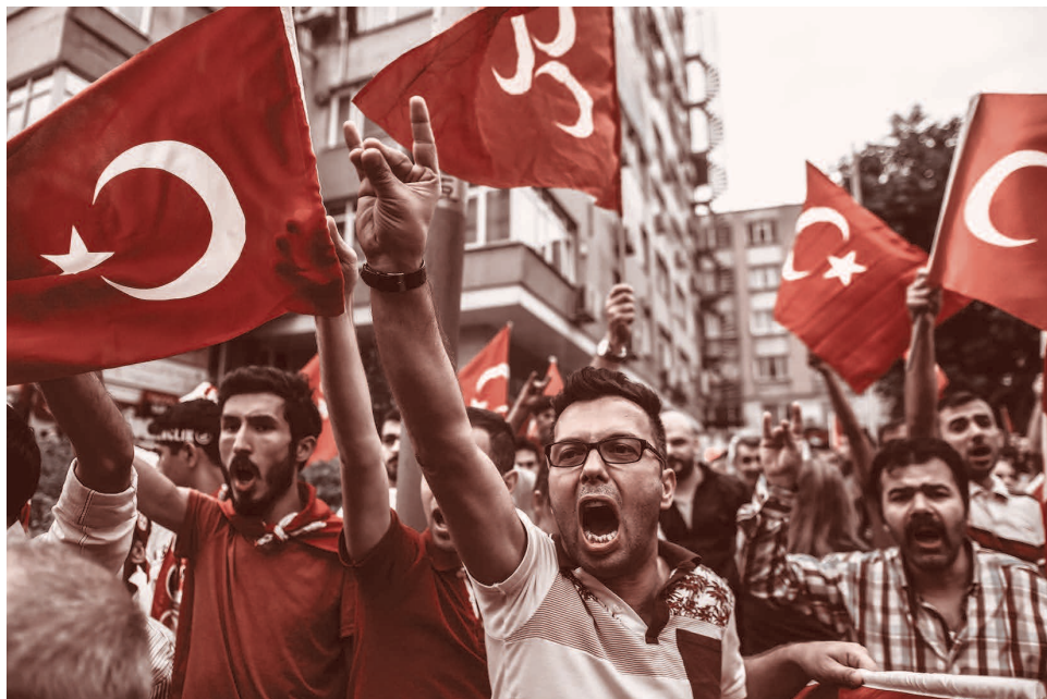
Демонстрация «Серых волков» в Стамбуле

И, наконец, последнее. Я никогда не понимал до конца, хорошо зная Европу, как американцы ее держат за одно место. Вот чем? Ну понятно — базами, понятно — деньгами. Еще чем-то, понимаете? Там есть что-то особое. Она особым образом не суверенна. Поэтому они и рассматривают это как свое хозяйство. Америка сказала «надо», Европа ответила — «есть». Она может чуть-чуть повыпендриваться, но только чуть-чуть. «Наши европейские коллеги не хотят, но ничего, мы их сейчас перевоспитаем. Шольц плохой, да? Сделаем хорошего. Он там недостаточно хорошо работает на Украину? Найдем такого, что будет работать».
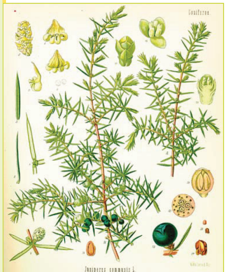
Figuur 1: Morfologische kenmerken van de jeneverbes. 1 = mannelijke bloesem, 2+3 = meeldraden, 4 = vrouwelijke kegel, 5 = idem in overlangse doorsnede, met zaadknop, 6 = rijpe kegel, 7 = doorgesneden kegel met 3 zaden met talrijke harsreservoirs, 8+9 = longitudinale doorsnede zaad, A = mannelijke bloesemtak, B = vrouwelijke bloesemtak. Gedeeltelijk vergroot (Thomé, 1885).

AN VANDEN BROECK (INBO), ROBERT GRUWEZ (UGent, Labo voor Bosbouw) & KRIS VERHEYEN (UGent, Labo voor Bosbouw)
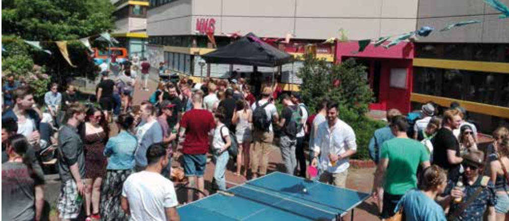
Studierende protestierten bei Bier und Eis für eine schnelle Wiedereröffnung des KKC.

Seit über einem halben Jahr ist das Kunst- und Kulturcafé (KKC) auf dem Essener Campus geschlossen (akduell berichtete). Eine Wiedereröffnung ist zwar geplant, doch bemängelt der Allgemeine Studierendenausschuss (AStA) die Zusammenarbeit mit dem Studierendenwerk. Währenddessen werden die Stimmen für einen baldigen Neustart immer lauter. Am vergangenen Donnerstag, 12. Mai, fand eine Protestparty mit gratis Bier und Eis direkt vorm KKC statt.
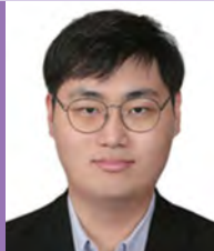
남, 자폐성장애, 서양화
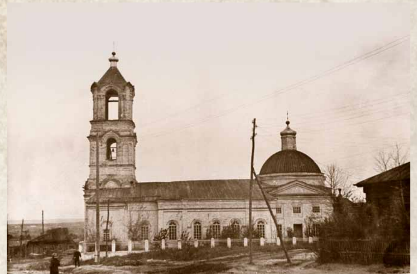
Архангельская церковь Мокшана. 1962 г.

Так вот, эти стукачи, если видели в окно, что кто-то молится, а кто-то читает Псалтирь или другие церковные книги, – доносили властям. На следующий день, ночью, приезжали в эти дома, на кого показывали, и изымали все религиозное церковное: книги, иконы, лампы, свечи и прочее. Причем конвоиры штыками прокалывали все углы и закоулки, ища церковную утварь. Все конфискованное они или сжигали, или разрубали топорами. За такое святотатство многие были наказаны Божьей карой: или неизлечимо болели, или внезапно умирали.
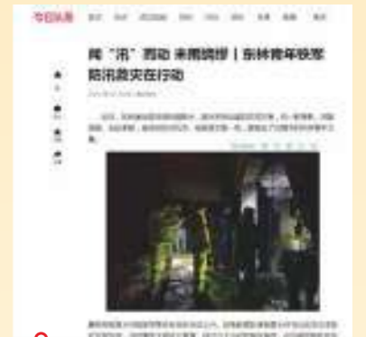
8.27 今日头条 闻“汛”而动 未雨绸缪 | 东林青年铁军 防汛救灾在行动
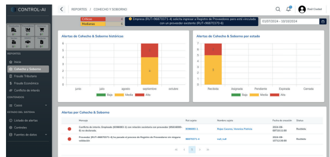
Imagen: Vista reporte de alertas por aspecto de la plataforma.
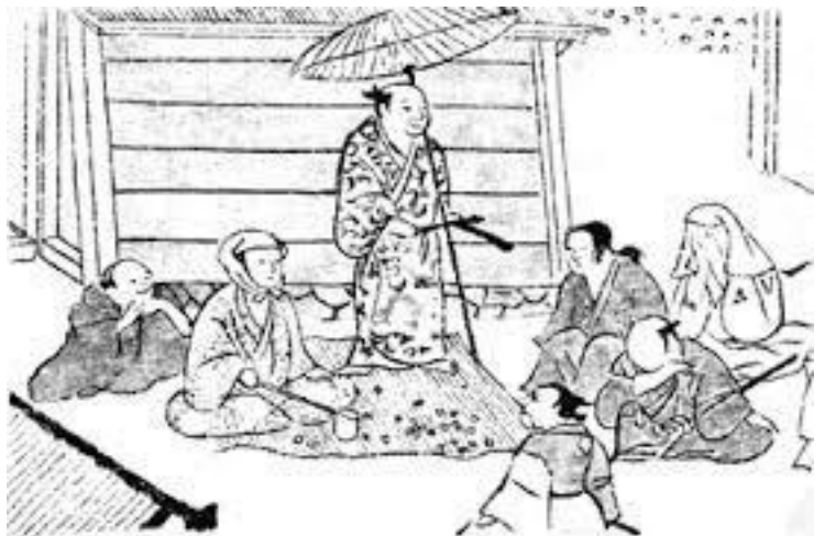
八坂神社所蔵『洛中洛外図』（元和年間）にみえる野外での説経節

限定35名（事前申し込み要）資料代500円 電話または来店の上お申し込みください。
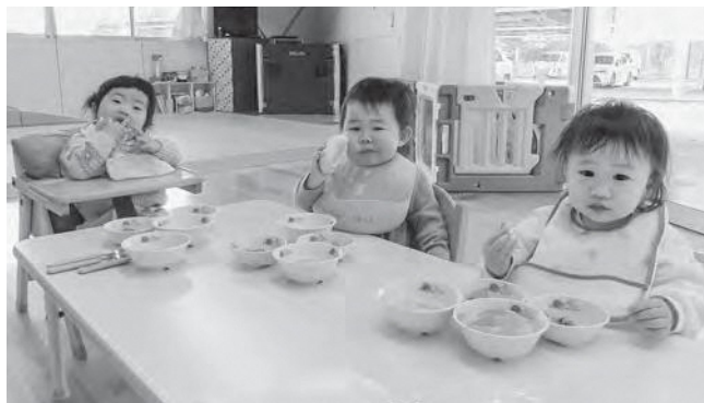
↑ 楽しく給食を食べる園児たち

笑顔が可愛い0歳児3名のすみれ組！4月に入園し、給食を通してお野菜やお肉、お魚をモリモリ食べられるようになり、たくさんの食材に触れてきました。給食は子どもたちにとって、大切な時間の一つです。掴み食べから、今ではスプーンを一人で持ち、自分で食べようとする意欲的な姿が見られます。個々の思いを尊重し、「おいしいね」と声をかけながら食事を楽しんでいます。
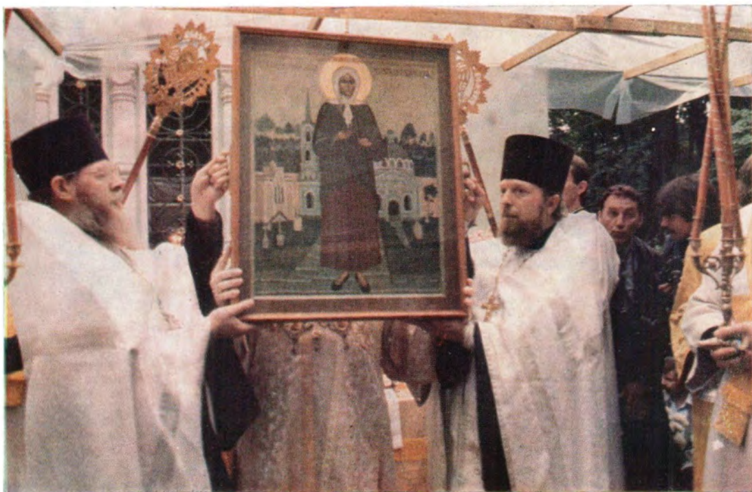
Во время освящения иконы блаженной Ксении Петербургской
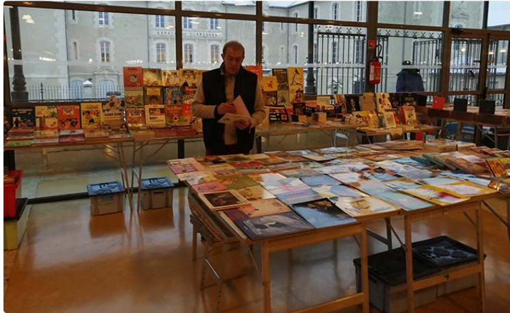
Coups de Plus sur le marché
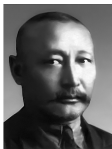
Иралин Нұртаза (1882*-1938)
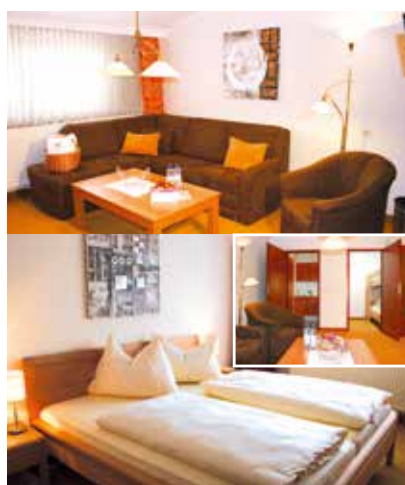
APARTMENT (48 m 2 ) Wohnluxus pur für alle, die mehr Platz brauchen oder als Familienapartment. Im Dachgeschoss, ohne Balkon. Vorraum, Bad und WC (getrennt), Schlafzimmer, Kochnische, Schlafnische mit Stockbett, Nachmittagssonne.
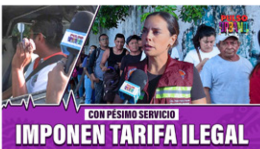
CON PÉSIMO SERVICIO IMPONEN TARIFA ILEGAL
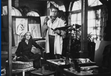
DIE SÜNDERIN (DE 1950)
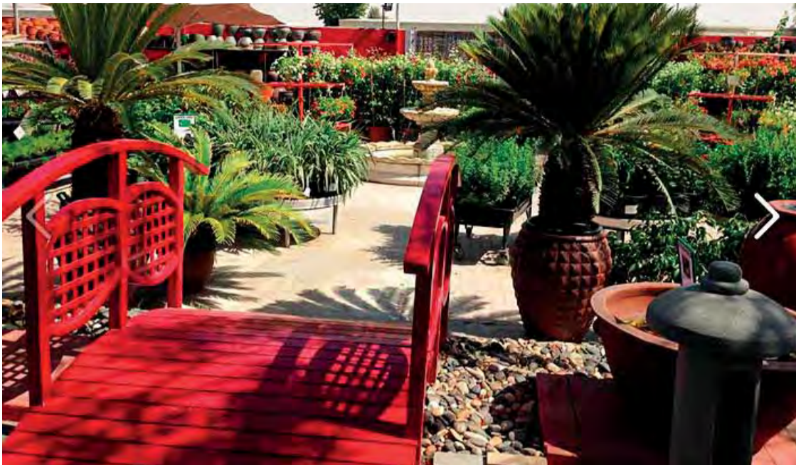
Zona de jardín con cerámicas, plantas y arbustos de exterior.
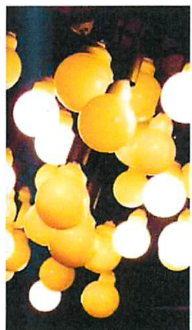
VALORES PRÓPRIOS SET/OUT 2014
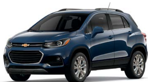
G35 – BLEU ORAGE MÉTALLISÉ
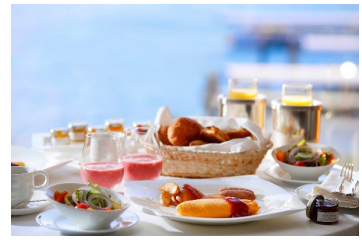
サステナブルへの共感と農家への応援から生まれたストロベリースムージーを用意
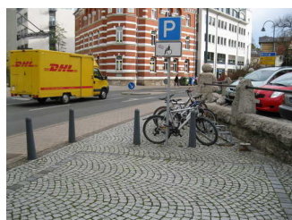
Parkplatz am Volkshaus
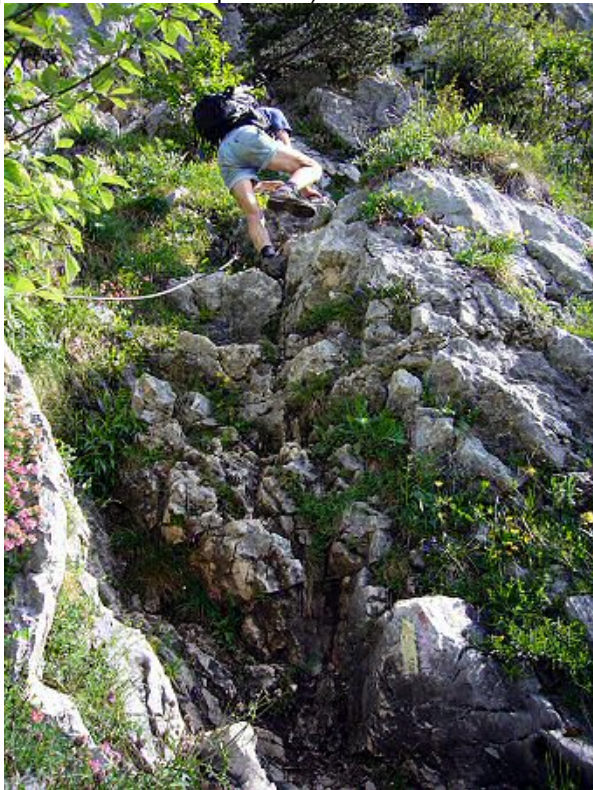
Le Pas des Barres.

Nuit en demi pension ; réservation effectuée le 29-04-2011, Chalet de la Hulotte; (80€ d'acompte, 35€ par personne en demi pension).
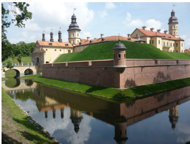
Замок Радзивиллов г. Несвиж Минская область

В XVIII столетии в семье Радзивиллов, в родовом замке семьи, появилась неординарная личность – писательница и основательница Несвижского театра Францишка Урсула (13.2.1705 – 23.5.1753) из княжеского рода Вишневецких. В этих семьях дочерям давали лучшее по тем временам домашнее образование и Урсула рано начала писать стихи. Писала на польском языке, вся семья говорила по-польски, белорусский язык считался в то время «мужицким». А польский, как французский в русском обществе, был языком высшего света и стал необходимым для продвижения по карьерной лестнице белорусской шляхты.
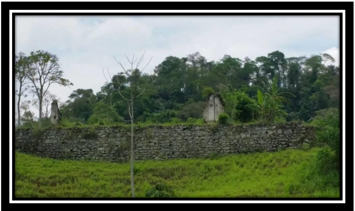
Ruínas da Imperial Feitoria de Santarém – Serra do Matoso, Piráí – RJ
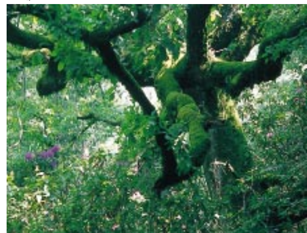
▶ Los Alcornocales son un marco excepcional para llevar a cabo una experiencia piloto sobre la aplicación de la Directiva en España.

vista, y de su importancia para la conservación de nuestros espacios naturales.
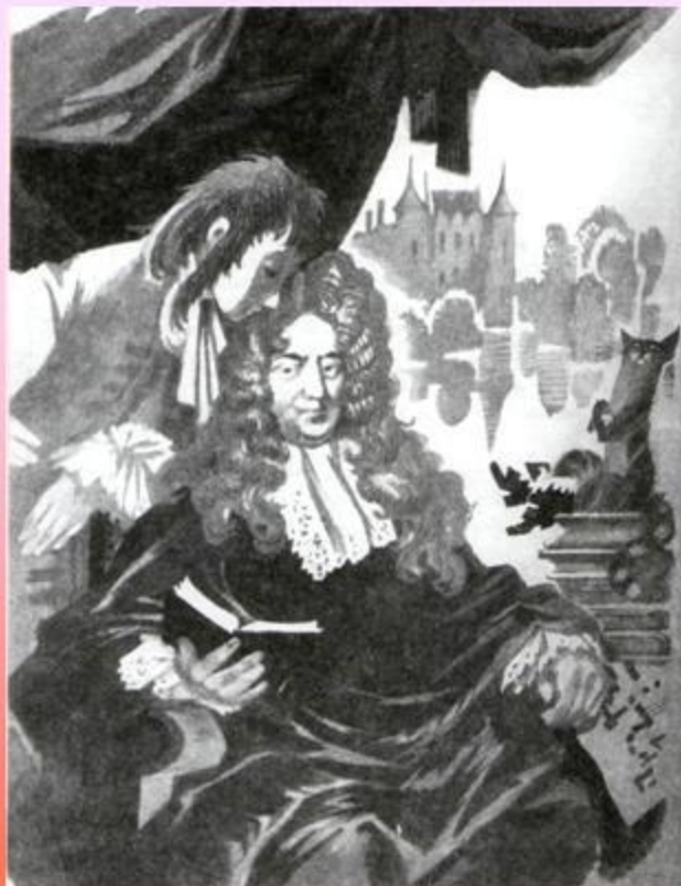
Ш. Перро с сыном. Рис. Н. Гольц
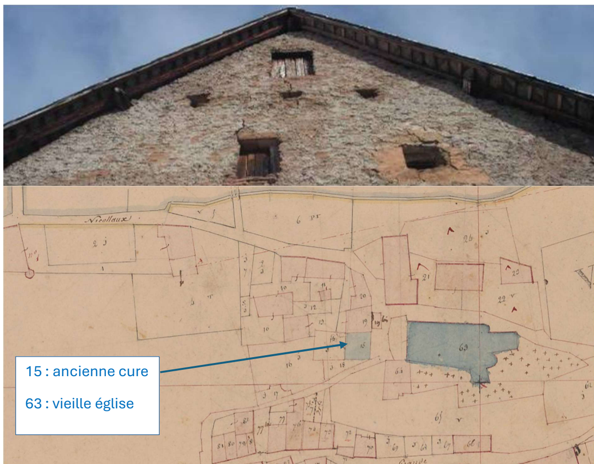
Extrait du cadastre de Valbonnais (1839) et façade de l'ancienne cure aux Nicollaux.
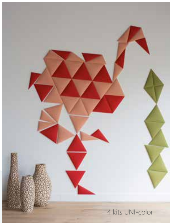
4 kits UNI-color
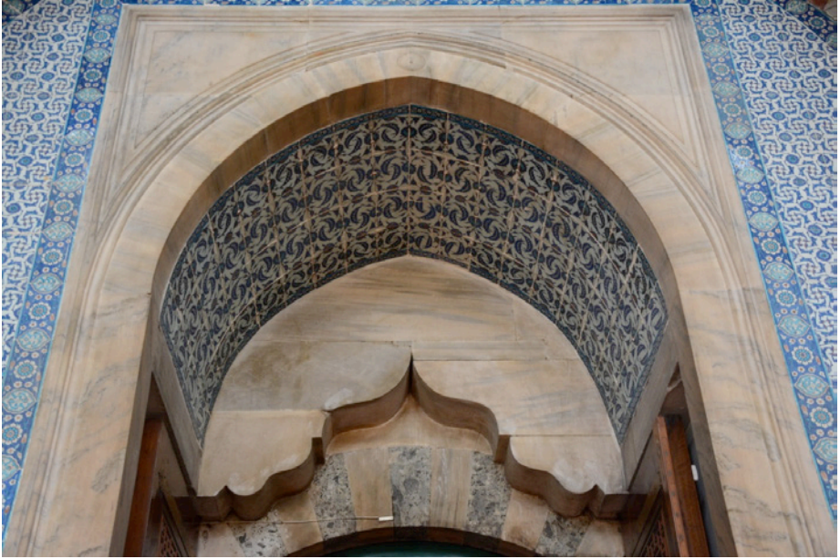
Resim 24. Kapı Kemerini

» Prompt: Leave out the pictures and return every record word for word.

» The completed task:
Демонстрация «Серых волков» в Стамбуле

И, наконец, последнее. Я никогда не понимал до конца, хорошо зная Европу, как американцы ее держат за одно место. Вот чем? Ну понятно — базами, понятно — деньгами. Еще чем-то, понимаете? Там есть что-то особое. Она особым образом не суверенна. Поэтому они и рассматривают это как свое хозяйство. Америка сказала «надо», Европа ответила — «есть». Она может чуть-чуть повыпендриваться, но только чуть-чуть. «Наши европейские коллеги не хотят, но ничего, мы их сейчас перевоспитаем. Шольц плохой, да? Сделаем хорошего. Он там недостаточно хорошо работает на Украину? Найдем такого, что будет работать».
Figuur 1: Morfologische kenmerken van de jeneverbes. 1 = mannelijke bloesem, 2+3 = meeldraden, 4 = vrouwelijke kegel, 5 = idem in overlangse doorsnede, met zaadknop, 6 = rijpe kegel, 7 = doorgesneden kegel met 3 zaden met talrijke harsreservoirs, 8+9 = longitudinale doorsnede zaad, A = mannelijke bloesemtak, B = vrouwelijke bloesemtak. Gedeeltelijk vergroot (Thomé, 1885).

AN VANDEN BROECK (INBO), ROBERT GRUWEZ (UGent, Labo voor Bosbouw) & KRIS VERHEYEN (UGent, Labo voor Bosbouw)
Studierende protestierten bei Bier und Eis für eine schnelle Wiedereröffnung des KKC.

Seit über einem halben Jahr ist das Kunst- und Kulturcafé (KKC) auf dem Essener Campus geschlossen (akduell berichtete). Eine Wiedereröffnung ist zwar geplant, doch bemängelt der Allgemeine Studierendenausschuss (AStA) die Zusammenarbeit mit dem Studierendenwerk. Währenddessen werden die Stimmen für einen baldigen Neustart immer lauter. Am vergangenen Donnerstag, 12. Mai, fand eine Protestparty mit gratis Bier und Eis direkt vorm KKC statt.
남, 자폐성장애, 서양화
Архангельская церковь Мокшана. 1962 г.

Так вот, эти стукачи, если видели в окно, что кто-то молится, а кто-то читает Псалтирь или другие церковные книги, – доносили властям. На следующий день, ночью, приезжали в эти дома, на кого показывали, и изымали все религиозное церковное: книги, иконы, лампы, свечи и прочее. Причем конвоиры штыками прокалывали все углы и закоулки, ища церковную утварь. Все конфискованное они или сжигали, или разрубали топорами. За такое святотатство многие были наказаны Божьей карой: или неизлечимо болели, или внезапно умирали.
8.27 今日头条 闻“汛”而动 未雨绸缪 | 东林青年铁军 防汛救灾在行动
Imagen: Vista reporte de alertas por aspecto de la plataforma.
八坂神社所蔵『洛中洛外図』（元和年間）にみえる野外での説経節

限定35名（事前申し込み要）資料代500円 電話または来店の上お申し込みください。
↑ 楽しく給食を食べる園児たち

笑顔が可愛い0歳児3名のすみれ組！4月に入園し、給食を通してお野菜やお肉、お魚をモリモリ食べられるようになり、たくさんの食材に触れてきました。給食は子どもたちにとって、大切な時間の一つです。掴み食べから、今ではスプーンを一人で持ち、自分で食べようとする意欲的な姿が見られます。個々の思いを尊重し、「おいしいね」と声をかけながら食事を楽しんでいます。
Во время освящения иконы блаженной Ксении Петербургской
Coups de Plus sur le marché
Иралин Нұртаза (1882*-1938)
APARTMENT (48 m 2 ) Wohnluxus pur für alle, die mehr Platz brauchen oder als Familienapartment. Im Dachgeschoss, ohne Balkon. Vorraum, Bad und WC (getrennt), Schlafzimmer, Kochnische, Schlafnische mit Stockbett, Nachmittagssonne.
CON PÉSIMO SERVICIO IMPONEN TARIFA ILEGAL
DIE SÜNDERIN (DE 1950)
Zona de jardín con cerámicas, plantas y arbustos de exterior.
VALORES PRÓPRIOS SET/OUT 2014
G35 – BLEU ORAGE MÉTALLISÉ
サステナブルへの共感と農家への応援から生まれたストロベリースムージーを用意
Parkplatz am Volkshaus
Le Pas des Barres.

Nuit en demi pension ; réservation effectuée le 29-04-2011, Chalet de la Hulotte; (80€ d'acompte, 35€ par personne en demi pension).
Замок Радзивиллов г. Несвиж Минская область

В XVIII столетии в семье Радзивиллов, в родовом замке семьи, появилась неординарная личность – писательница и основательница Несвижского театра Францишка Урсула (13.2.1705 – 23.5.1753) из княжеского рода Вишневецких. В этих семьях дочерям давали лучшее по тем временам домашнее образование и Урсула рано начала писать стихи. Писала на польском языке, вся семья говорила по-польски, белорусский язык считался в то время «мужицким». А польский, как французский в русском обществе, был языком высшего света и стал необходимым для продвижения по карьерной лестнице белорусской шляхты.
Ruínas da Imperial Feitoria de Santarém – Serra do Matoso, Piráí – RJ
▶ Los Alcornocales son un marco excepcional para llevar a cabo una experiencia piloto sobre la aplicación de la Directiva en España.

vista, y de su importancia para la conservación de nuestros espacios naturales.
Ш. Перро с сыном. Рис. Н. Гольц
Extrait du cadastre de Valbonnais (1839) et façade de l'ancienne cure aux Nicollaux.
4 kits UNI-color
Resim 24. Kapı Kemerini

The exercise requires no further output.